When the Gap came under fire for using child labor in the mid 1990s, each and every employee was asked to sign an “honesty pledge” (it was a less formal precursor to a NDA that most employees now sign routinely) stating that we wouldn’t talk to the media or discuss sourcing, distribution, or “company secrets.” Clearly Gap management was worried about their trade “secrets” leaking out. Many outstanding documentarians and not-for-profit groups have exposed the Gap’s use of child labor. Regardless of their questionable ethics, the Gap to some extent became a victim of its own model of success.

Fast forward 30 years, the Gap has been usurped by retailers who have refined the fast-fashion model that the Gap pioneered. Zara, H&M and Forever 21, beat the Gap as the new kids on the block were even faster. However, with the speed at which the industry now moves, something has been lost in the blur of constant movement: the illusion of desire that the Gap so carefully curated. The newer retailers price merchandise to move at a lower margin which incites less discounting, but also limits the supply. “Get it or forget” it is the new mantra in today’s mass-market fashion retailing. While the golden age retailers cultivated a slow-burn desire (that prompted customers to part with significant sums), newer retailers feed a constantly hungry consumer-beast without any emotional payoff beyond the immediate gratification of the hunt and purchase. The desire is gone, and with it, the magic of retailing.
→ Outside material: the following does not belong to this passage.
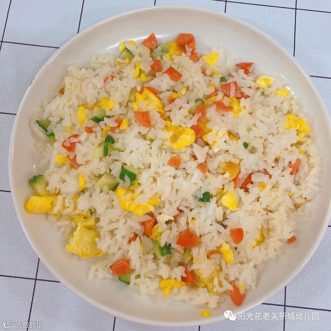 让我们看看,中三班的宝贝们带来一道美味的扬州炒饭,开起元气满满的一天。

This psychological shift has eviscerated the retail industry. Constantly on, constantly available, constantly cheap has had the same effect on retail as CNN has had on hard news. The yield is a marketplace full of meaningless, constantly available fluff that has no value. It’s always there, in the background, devoid of any importance or meaning. Golden age retailers, like the Gap, further undercut their own business model and cannibalized their own existence through the introduction of off-price “outlets” and down market affiliates like Old Navy. Why would a consumer buy full price when a substantially similar product is available for half the price? Why would a retailer cultivate desire when quick-pop “bargain” sales provide a higher margin of profitability and a greater rush of satisfaction for the customer?

As millennial shoppers shift from consumption to experience, the problem has compounded. Millennials have only the most minimal desire to flaunt their purchasing power, if indeed they do at all… especially when it comes to clothing. Millennial hipsters—the last bastion of brand and quality-conscious consumers—blend the quest for quality with the experiential. This full-on reset has shifted the retail landscape more toward curated mom-and-pop style shops and away from mall-based chain retailers and left malls across America empty and has—unwittingly—transitioned the American consumer into uncharted territory of immediate-gratification purchases in an era of post-consumption without any true desire or magic.

The fascinating turn of retail is again, changing. Uncertainty abounds: What will the future bring? How will it change? However, one thing is for sure, we’ll need another visionary to save the industry from itself.